For our project, we are going to use fake_or_real_news.csv dataset which I found on GitHub. There are many other open source datasets available; you can use any other of your choice. Some of the options are:

  1. Liar Dataset — URL: https://www.cs.ucsb.edu/~william/data/liar_dataset.zip
  2. Fake News Corpus — URL: https://github.com/several27/FakeNewsCorpus
  3. Fake News Detection Resources — URL: https://github.com/mdepak/fake-news-detection-resources

The dataset we are using is the news articles written around the 2016 US election period.

Preparations

Getting Our Workspace Ready

To get started, let’s login to the Spell platform and head to the Workspaces tab.

Note: If you are using Spell for the first time then you should see a blank workspace and a “Create Workspace” button.

You can create your new workspace using the Create Workspace button.

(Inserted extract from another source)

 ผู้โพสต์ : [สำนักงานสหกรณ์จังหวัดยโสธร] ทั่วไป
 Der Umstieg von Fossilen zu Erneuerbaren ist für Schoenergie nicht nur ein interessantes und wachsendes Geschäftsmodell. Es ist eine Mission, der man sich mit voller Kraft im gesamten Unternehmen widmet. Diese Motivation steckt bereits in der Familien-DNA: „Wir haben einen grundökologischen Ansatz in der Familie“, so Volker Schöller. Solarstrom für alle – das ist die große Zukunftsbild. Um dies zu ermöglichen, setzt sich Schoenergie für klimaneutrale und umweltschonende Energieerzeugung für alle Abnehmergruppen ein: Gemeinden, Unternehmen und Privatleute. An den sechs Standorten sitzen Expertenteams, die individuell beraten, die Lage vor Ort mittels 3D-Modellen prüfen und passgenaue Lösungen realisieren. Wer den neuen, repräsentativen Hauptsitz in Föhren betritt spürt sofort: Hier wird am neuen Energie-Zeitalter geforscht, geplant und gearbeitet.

Give your workspace any name and hit continue.

After that, you have an option to select your machine type and install the required libraries for the project.

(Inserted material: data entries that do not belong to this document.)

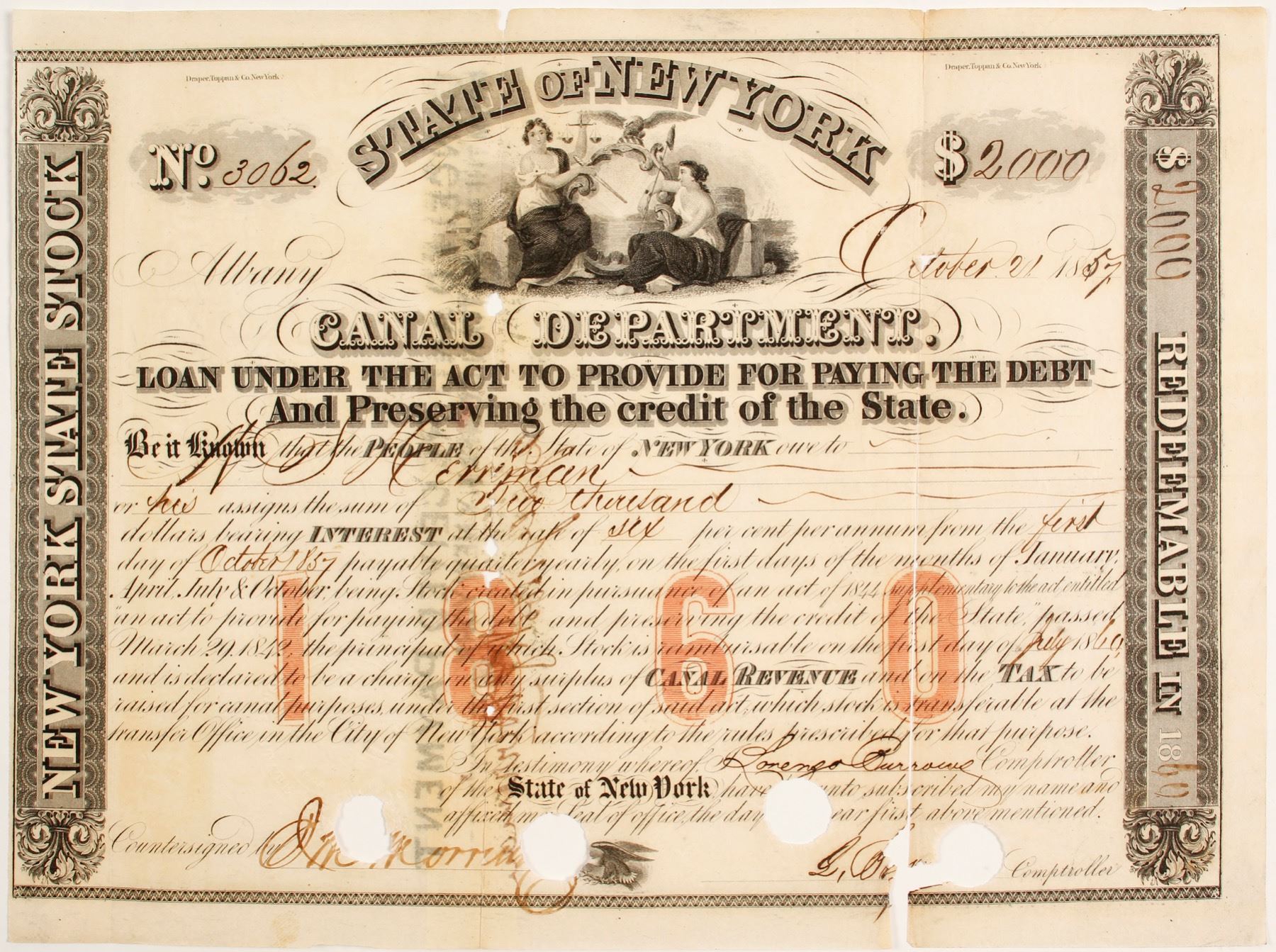 I/C #3062 $200 6%. Punch cancelled, bottom tear. Allegorical vignette. Prag Collection. State: New York City: Date: 1857 HWAC# 83407
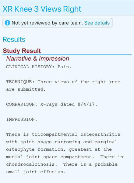 I was sitting at home when I received a phone notification that a new test result was available for me to review on the patient portal for the electronic medical record system used by my healthcare providers. I clicked the link, logged in, and there it was: my knee x-ray images and the radiologist’s report.
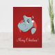 Personligens julkort med en illustration av ett sött lycklig-hippopotamus med röd och vit Jultomten-hatt; julens helgdagar utformar för barn, med anpassade textmall för ditt namn eller meddelande, på röd bakgrund
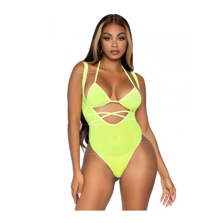 Top de biquíni e body com suspensório em malha de strass fabricado pela prestigiada marca de lingerie Leg Avenue. Aumente a sua feminilidade obtendo uma peça exclusiva de sedução, sensualidade e elegância.
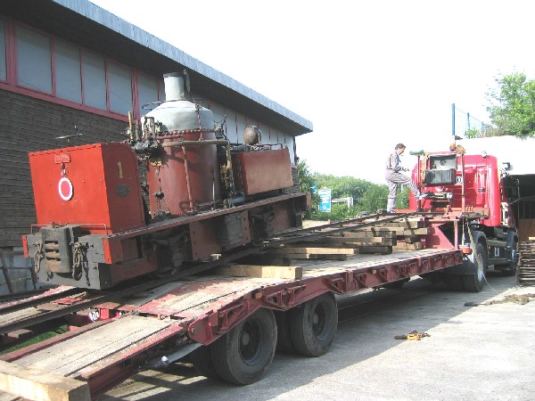 Mercredi 25 Mai : Opération chargement des deux machines à vapeur de Bligny venues spécialement pour le centenaire de la Bertha.
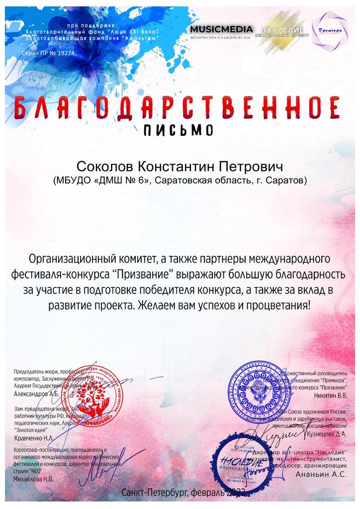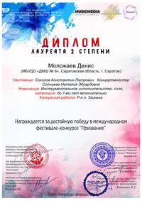 Поздравляем Моложаева Дениса – лауреата II степени Международного фестиваля-конкурса «Призвание». Преподаватель Соколов Константин Петрович, концертмейстер Солнцева Наталья Эдуардовна. Желаем дальнейших творческих успехов!
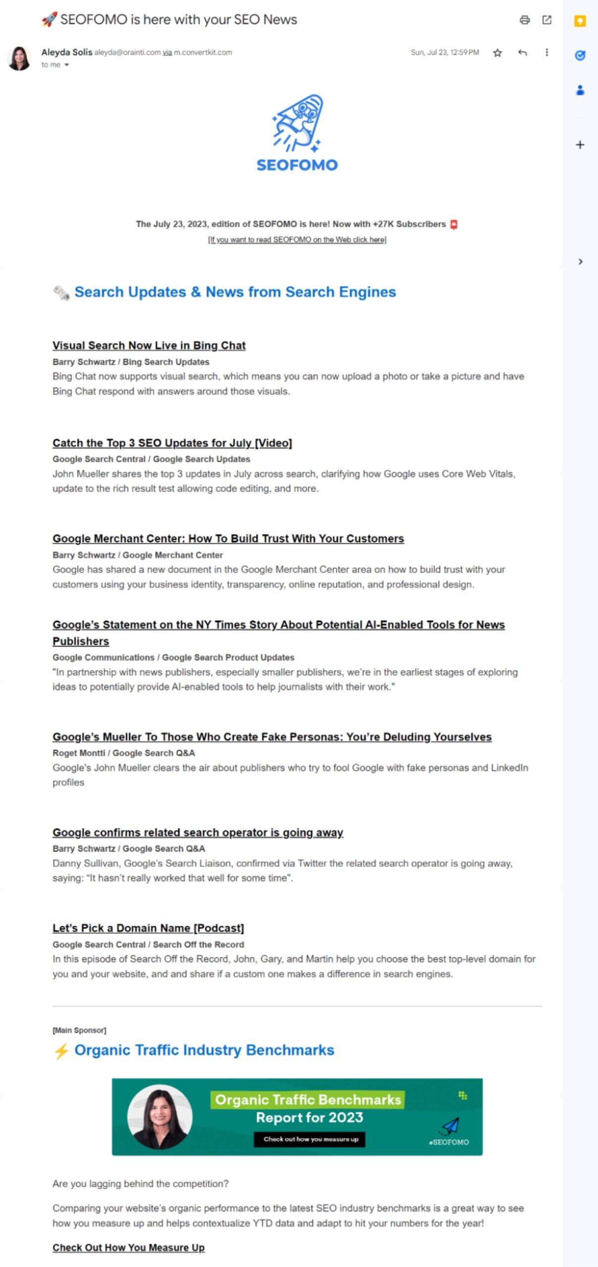 Take SEO pro Aleyda Solis. She packs her newsletter with SEO-related news that her subscribers are eager to receive:
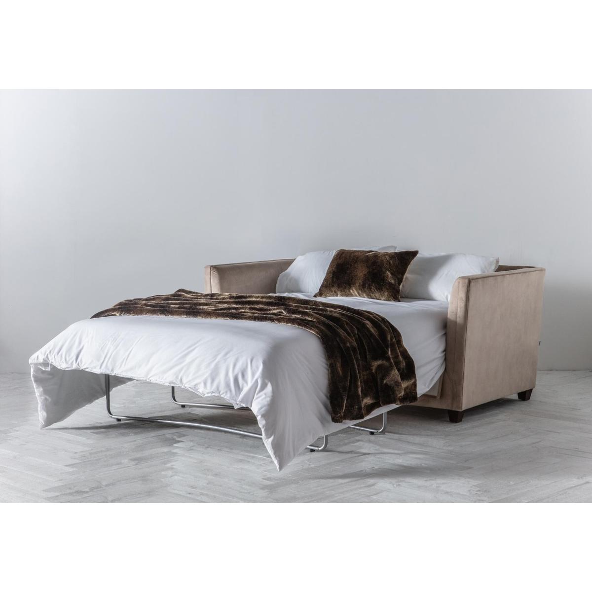 Make room for the Lia, a three-seater sofa bed that is all about contemporary luxury. Made from solid hardwood, the Lia teams a modern design with high arms with lavish button-tufted details for timeless elegance. Complete with a comfortable, cushioned seat, this standalone piece is perfect for styling up any room. On top of that, the Lia is extremely practical, as it transforms into a heavenly bed for your guests in a matter of seconds thanks to its inner mechanism with sprung mattress. Add the Lia to spare rooms, home offices or why not? Use it as the stylish focal point of a contemporary living room - whatever your choice, you won't be able to take your eyes off it.

For this project we are using a V100 machine type and a Jupyter Notebook.

All the common libraries are pre-installed in Spell, but for our project we require some extra libraries so we are mentioning them in the Pip Packages section.

We are using NLTK for removing stopwords from our dataset and tqdm for just a nice progress bar on our notebook.

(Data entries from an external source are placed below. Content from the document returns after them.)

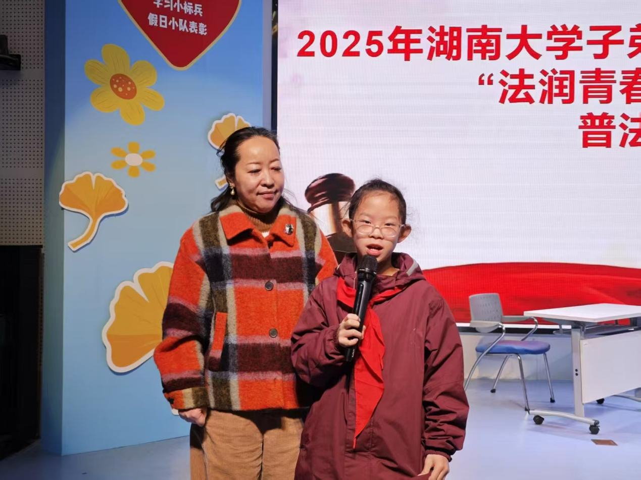 為提升小學生的法律意識,2025年12月2日,湖南大學子弟小學聯合湖南大學法學院,共同開展“法潤青春,護苗成長”主題校園普法活動。湖南大學子弟小學師生代表,湖南大學法學院相關負責人、青年志愿者協會志愿者共同參與活動。本次活動分為“預防未成年人犯罪普法小課堂”“‘以案釋法’情景演繹小劇場”以及“收獲分享”三個環節,由湖南大學法學院團委實踐部程宸同學主持。
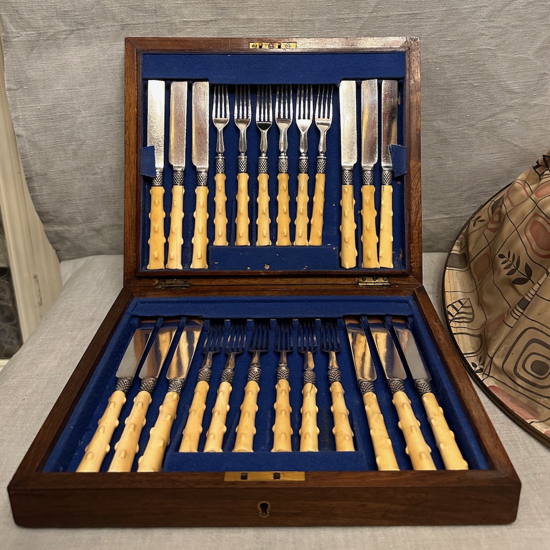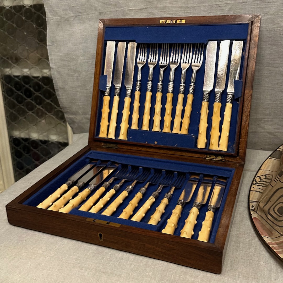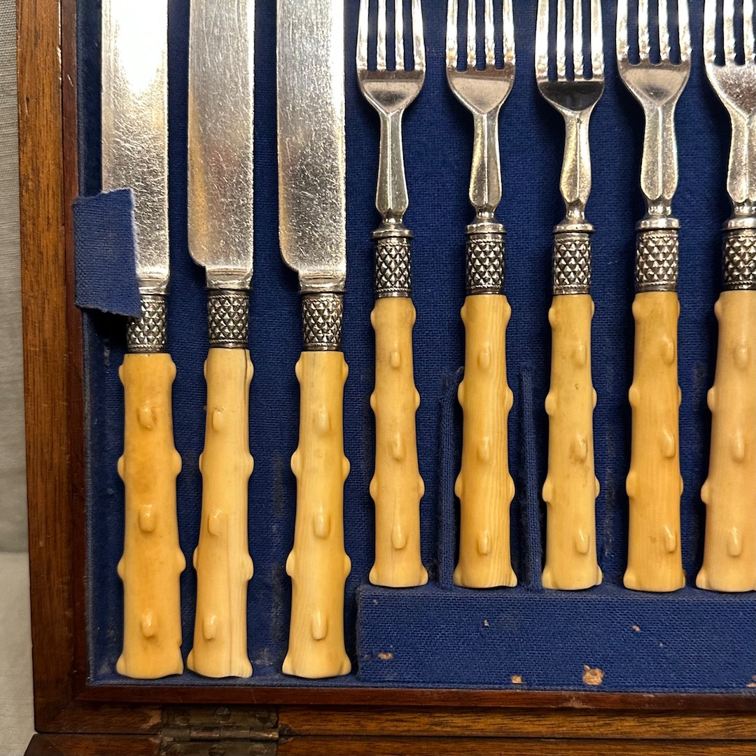 Servito di posate in argento con manici in avorio modellati a rametto, completo per dodici persone, entro sua scatola in radica di tuia. Inghilterra, metà sec. XIX
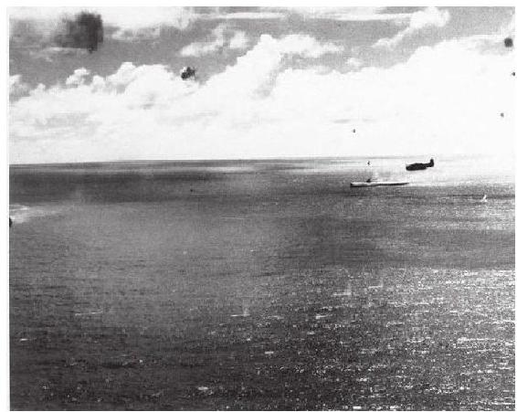 TBF鱼雷机正在向“瑞鹤”号发动攻击。事实证明,缺乏舰载机保护的航母在战场上没有存在价值
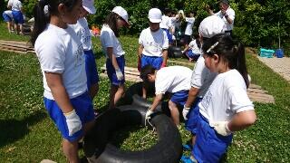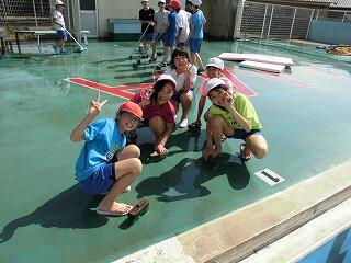 本日5~6時間目に、プール清掃・除草が行われました。1年生は、校庭の石拾い、2年生3年生4年生は石拾いと草取り、5年生は砂運びや草取り等を行いました。6年生は、プールの掃除でした。暑い中、各学年とも一生懸命学校の環境整備に頑張ってくれました。写真は、6年生のプール清掃の様子です。皆さん、ご苦労様でした。ありがとう。

After that, we hit continue.

Now we have to mount our dataset folder, but before that, we have to upload our data on Spell.

Let’s do that first.

Getting The Dataset Ready

In our command line, let’s enter the following command:

pip install spell

This command will install Spell CLI on our local machine.

After that:

spell login

This will ask us for our Spell credentials; just enter the credentials and we are good to go.

After a successful login, we can now upload our dataset file.

We’ve downloaded the fake_or_real_news.csv on our local machine, so let’s upload that on Spell.

To do that, let’s head to our project folder, open a command prompt and enter the following command:

spell upload fake_or_real_news.csv

This will upload our dataset file on our desired directory on Spell.

Getting Glove Vector Ready

In this project, we are going to use pre-trained Glove Vectors for word embeddings. We will be getting back to Glove Vectors later on in this tutorial ; for now, we can just download the file from their official site: https://nlp.stanford.edu/projects/glove/

For this project, we are using glove6B file which contains vector representations of Wikipedia 2014 and Gigaword 5. It has 6 billion tokens, 400 thousand vocab, and 50, 100, 200 dimension, & 300 dimensional vectors which is of 822 MB size.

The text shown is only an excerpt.